Global warming vs aerosols
Some people are beginning to think that the heat absorbing soot is a godsend as it may help to reduce global warming. Nothing can be further from the truth. As scientists working on indoex show, the short-term fix of aerosol cooling could well be deadly for the regional climate -- its rainfall and sunlight. By making the region, more drought-prone, it could act as a double-whammy, with vulnerable people becoming even more vulnerable to the impacts of global climate change as they occur.

But as Mitra says, it is important to distinguish between the causes and impacts of greenhouse gases, with lifetime ranges of decades to centuries, from aerosols. However, this should not take away from the need to learn more about the impacts of aerosols -- on the health of people to the health of our local climate system.
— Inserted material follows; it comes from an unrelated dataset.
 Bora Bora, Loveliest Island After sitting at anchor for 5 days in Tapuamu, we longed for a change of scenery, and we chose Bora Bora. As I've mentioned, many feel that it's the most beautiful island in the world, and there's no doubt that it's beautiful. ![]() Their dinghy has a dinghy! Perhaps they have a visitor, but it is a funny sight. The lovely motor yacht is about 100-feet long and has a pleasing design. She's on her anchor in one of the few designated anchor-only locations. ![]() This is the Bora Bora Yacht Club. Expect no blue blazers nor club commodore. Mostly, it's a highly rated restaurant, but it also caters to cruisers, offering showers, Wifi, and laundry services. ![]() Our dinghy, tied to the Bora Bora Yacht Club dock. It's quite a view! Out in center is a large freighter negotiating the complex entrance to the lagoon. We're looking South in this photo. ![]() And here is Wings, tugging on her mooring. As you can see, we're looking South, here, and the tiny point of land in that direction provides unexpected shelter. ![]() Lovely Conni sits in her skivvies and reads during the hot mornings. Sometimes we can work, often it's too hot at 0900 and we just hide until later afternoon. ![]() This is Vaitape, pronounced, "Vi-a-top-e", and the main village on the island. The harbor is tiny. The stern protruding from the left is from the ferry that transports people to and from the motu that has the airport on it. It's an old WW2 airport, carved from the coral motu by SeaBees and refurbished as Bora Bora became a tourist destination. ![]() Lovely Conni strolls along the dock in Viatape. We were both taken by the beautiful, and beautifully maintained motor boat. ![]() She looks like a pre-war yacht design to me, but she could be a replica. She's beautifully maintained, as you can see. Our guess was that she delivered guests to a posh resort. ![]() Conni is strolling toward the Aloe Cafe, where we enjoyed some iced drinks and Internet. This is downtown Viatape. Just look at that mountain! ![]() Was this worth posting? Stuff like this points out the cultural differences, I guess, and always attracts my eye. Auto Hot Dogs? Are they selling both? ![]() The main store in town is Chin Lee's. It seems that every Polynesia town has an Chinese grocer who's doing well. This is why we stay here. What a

Interestingly, the action agenda, in both cases, greenhouse gases and regional haze is complementary -- to reduce emissions from fossil fuel burning. But the actors will be different. In the case of global warming, the first accused, is the industrialised world, which is continuing to emit, far beyond its share of the global atmospheric space. Its emissions -- from its era of industrialisation, have added to the concentration of gases in the atmosphere. This historical or grandfathering of the atmospheric pollution load, is what is creating the problem today. Developing countries have little space for economic development. Climate change policy is, therefore, about creating the ecological space for developing countries to grow, by limiting the emissions of the industrialised world.
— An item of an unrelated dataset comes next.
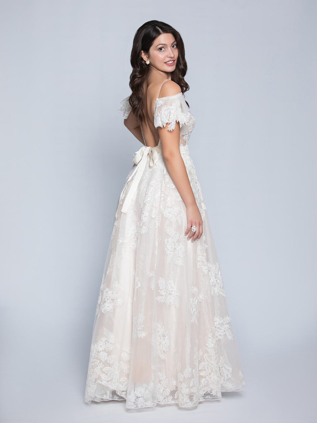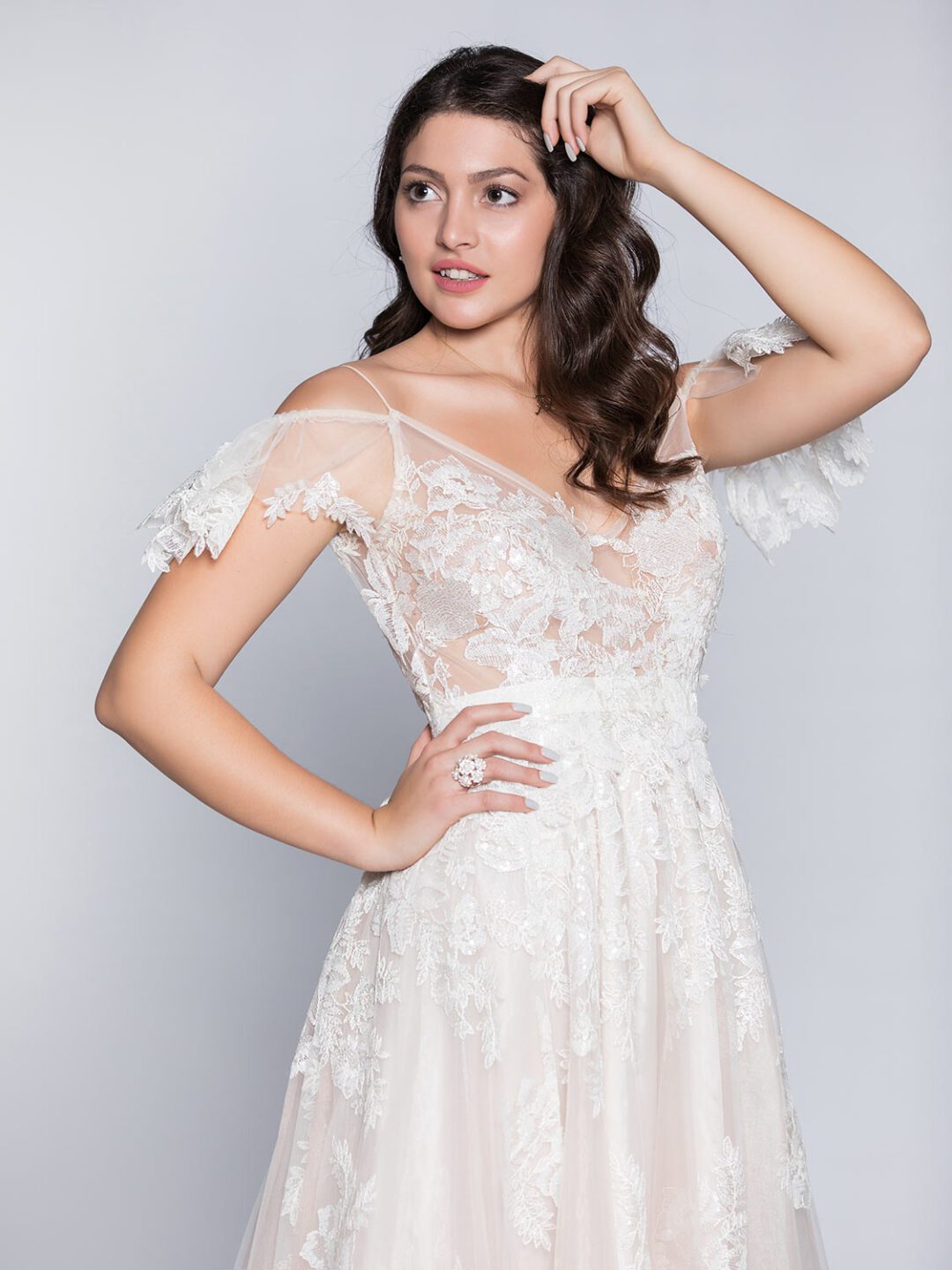 Νυφικό στο χρώμα της πούδρας, από γαλλική ανάγλυφη κεντημένη με παγιέτα δαντέλα στο χρώμα της πουδράς. Το νυφικό έχει κεντημένη διαφάνεια στο μπούστο, γαλλικό μανικάκι, V μπροστά και βαθύ V πίσω, με grow κορδέλα στο χρώμα της πούδρας.

In the case of regional haze, the accused are the users of fossil fuel in the developing world -- from thermal power plants, to automobiles and to burning of biomass. The 'survival' emissions of the poor -- to burn firewood to cook food -- cannot be compared with 'luxury' emissions of the rich -- to drive a car, for instance. Therefore, in this case, the onus of change lies with the rich of the fast developing world. We have to recognise, and fast, that air pollution is doing more damage than just killing us softly.